In memory I study the light on her face, beneath the glow-bulbs of the Tall Castle, beneath the cemetery trees. I envy those patches of sunlight, sliding over her hair, moving unopposed the length of her body, across her cheekbones. I remember everything. I recall the pattern of her breath. In the heat of Drane’s kitchen I remember a single bead of sweat and the slow roll of it, down her neck, along the tendon, across her throat. I’ve killed men and forgotten them. Mislaid the act of taking a life. But that drop of sweat is a diamond in my mind’s eye.
“Hello, Jorg.” And my clever words desert me. She makes me feel my fourteen summers, more boy than man.

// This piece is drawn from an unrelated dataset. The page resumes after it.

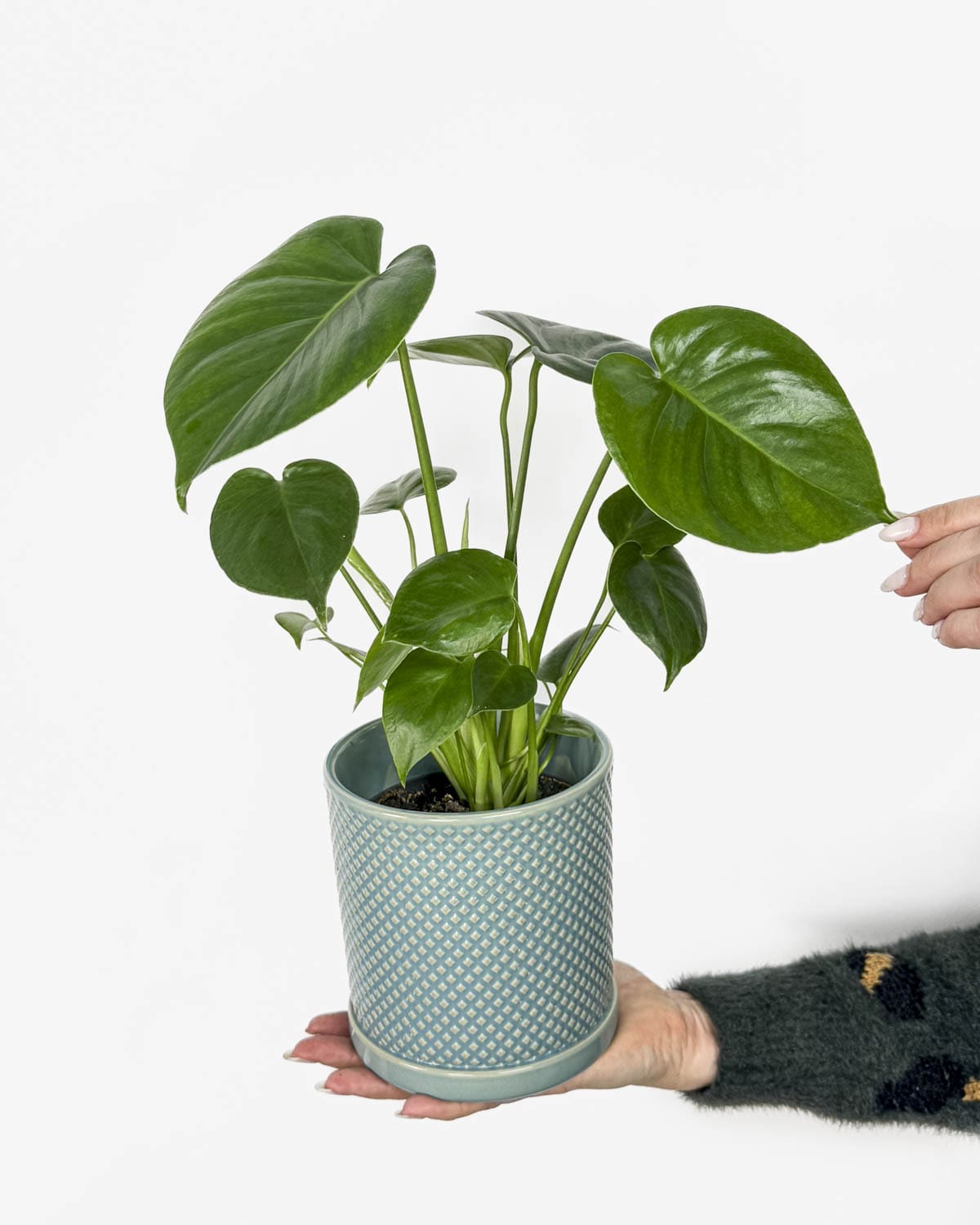 Jsem Monstera deliciosa a jsem nejpopulárnější pokojová rostlina, protože se svými velkými bujnými listy vypadám úžasně. Pokud mám dostatek vzdušné vlhkosti a nepřímého světla, začnu s věkem získávat charakteristické fenestrace (díry a zářezy v listech), díky kterým jsem tak oblíbená. Obecně jsem velmi snadná na péči a velmi rychle rostu (zvláště pokud mi jako popínavé rostlině dopřeješ oporu).

I want her beyond reason. I need to own, consume, worship, devour. What I’ve made of her in my mind cannot live in flesh. She’s just a person, just a girl, but she stands at the door to an old world, and although I can’t go back…she can come through, and maybe bring with her a scent of it, a taste of that lost warmth.
These feelings are too fierce to last. They can only burn, making us ash and char.
I see her in dreams. I see her against the mountains. High, snow-cold, snow-pure, unobtainable. I climb, and on the empty peak I speak her name to the wind, but the wind takes my words. It takes me too. Tumbling through void.
“Hello, Jorg.”
My flesh prickles. I rub at my cheek and my fingers come away bloody, sliced open. Every part of me burns with pins and needles. Real pins, real needles. I scream and like buds on the branch each prickle erupts, a hundred thorns sliding from my skin, growing from the bone. There are animals impaled, stabbed through like exhibits on a gamekeeper’s board. Rat, stoat, ferret, fox, dog…baby. Limp and watching.